- **AVAILABLE DATA**
· · · ·
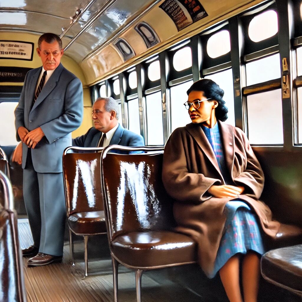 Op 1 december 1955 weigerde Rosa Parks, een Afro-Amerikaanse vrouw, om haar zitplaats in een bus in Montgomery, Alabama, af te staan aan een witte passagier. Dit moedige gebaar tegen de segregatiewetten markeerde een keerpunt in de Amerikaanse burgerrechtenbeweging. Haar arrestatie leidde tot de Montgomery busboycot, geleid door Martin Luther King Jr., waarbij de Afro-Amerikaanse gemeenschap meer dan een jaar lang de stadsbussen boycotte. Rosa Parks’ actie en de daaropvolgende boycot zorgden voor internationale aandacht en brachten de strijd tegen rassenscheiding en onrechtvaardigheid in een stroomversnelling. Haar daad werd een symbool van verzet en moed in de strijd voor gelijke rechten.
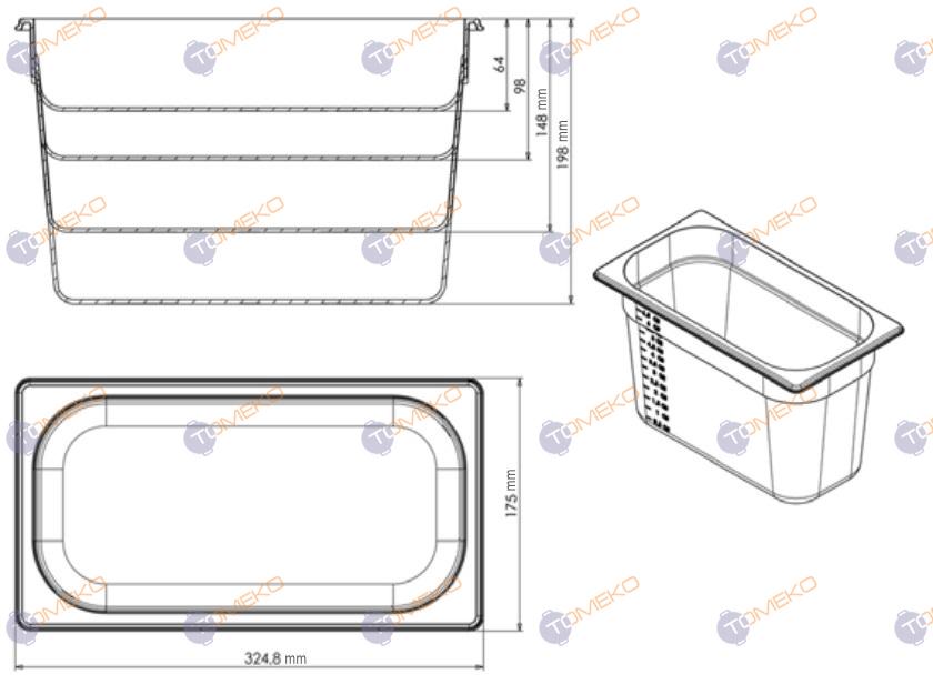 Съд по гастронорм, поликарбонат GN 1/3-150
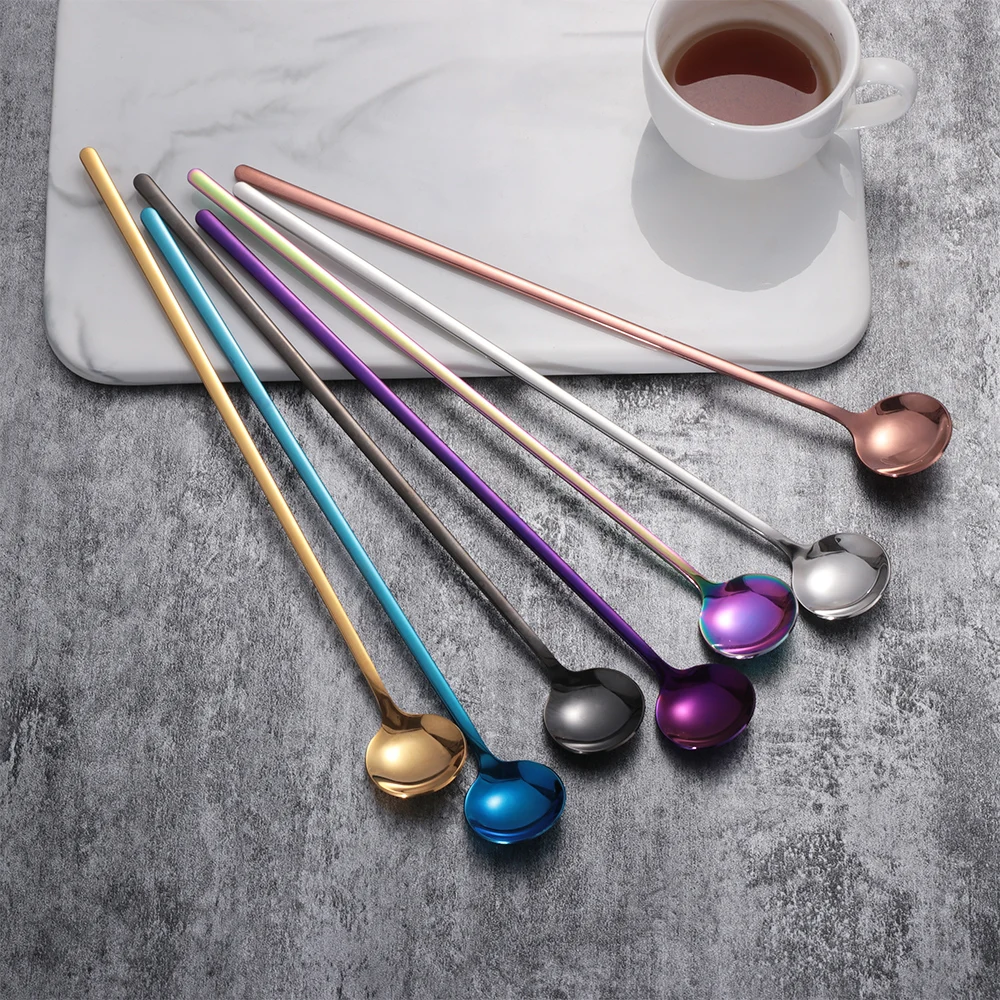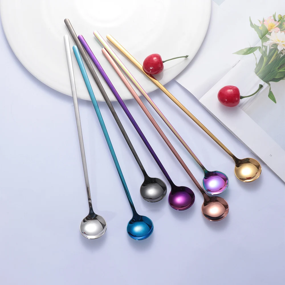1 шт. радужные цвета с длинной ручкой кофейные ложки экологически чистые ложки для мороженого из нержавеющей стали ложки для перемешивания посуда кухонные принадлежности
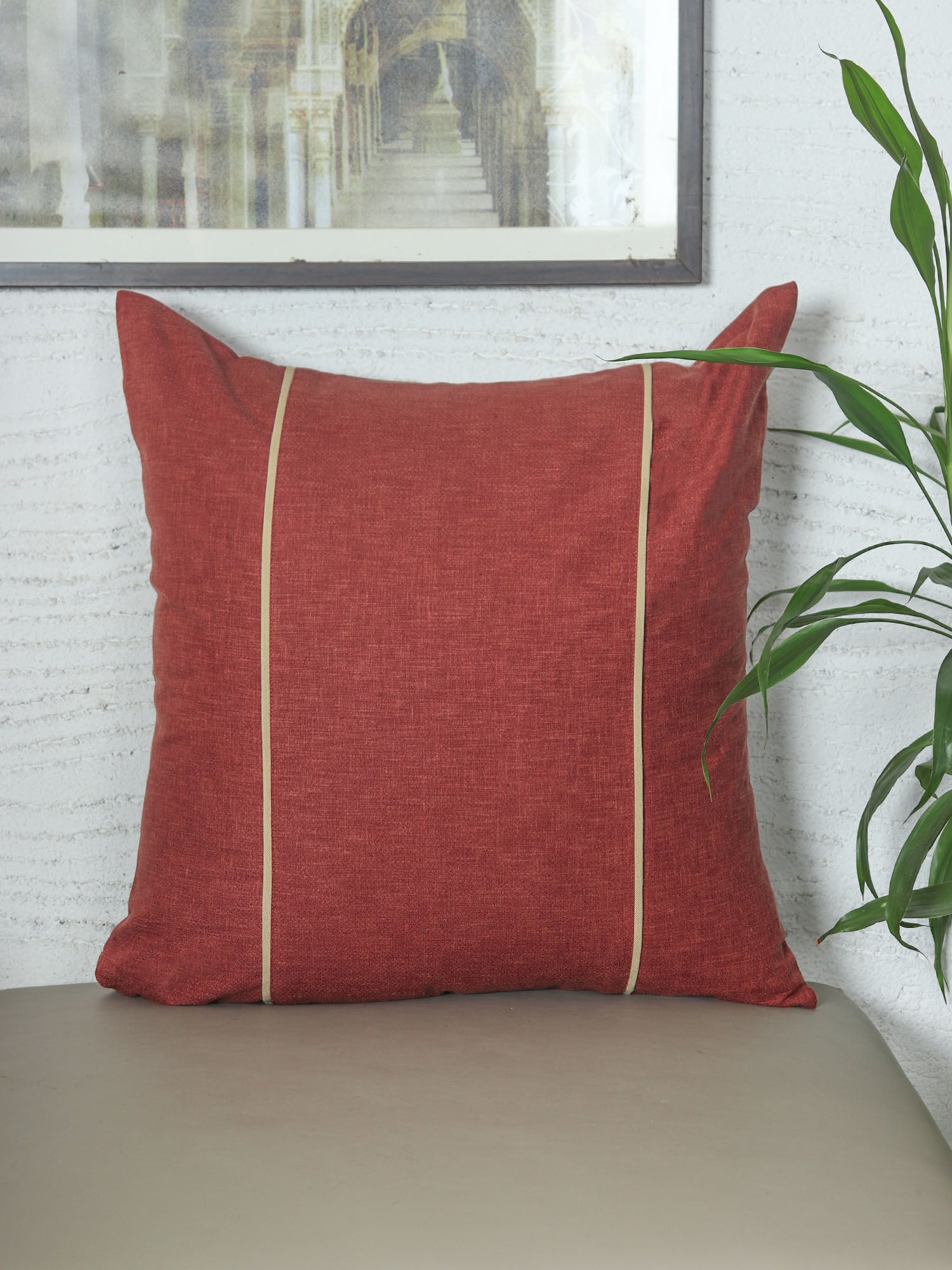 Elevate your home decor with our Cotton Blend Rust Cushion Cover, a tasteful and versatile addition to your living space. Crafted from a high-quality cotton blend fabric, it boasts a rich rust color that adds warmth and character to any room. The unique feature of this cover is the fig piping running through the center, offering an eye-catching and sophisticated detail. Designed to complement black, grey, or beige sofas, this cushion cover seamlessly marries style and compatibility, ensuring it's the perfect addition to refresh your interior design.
· · · ·
- **PROBLEM DETAILS**
Starting at the line that contains "1 шт. радужные", write out exactly each line through the last one in the listing above, leaving out the pictures and adding nothing else.

- **ANSWER BOX**
1 шт. радужные цвета с длинной ручкой кофейные ложки экологически чистые ложки для мороженого из нержавеющей стали ложки для перемешивания посуда кухонные принадлежности
 Elevate your home decor with our Cotton Blend Rust Cushion Cover, a tasteful and versatile addition to your living space. Crafted from a high-quality cotton blend fabric, it boasts a rich rust color that adds warmth and character to any room. The unique feature of this cover is the fig piping running through the center, offering an eye-catching and sophisticated detail. Designed to complement black, grey, or beige sofas, this cushion cover seamlessly marries style and compatibility, ensuring it's the perfect addition to refresh your interior design.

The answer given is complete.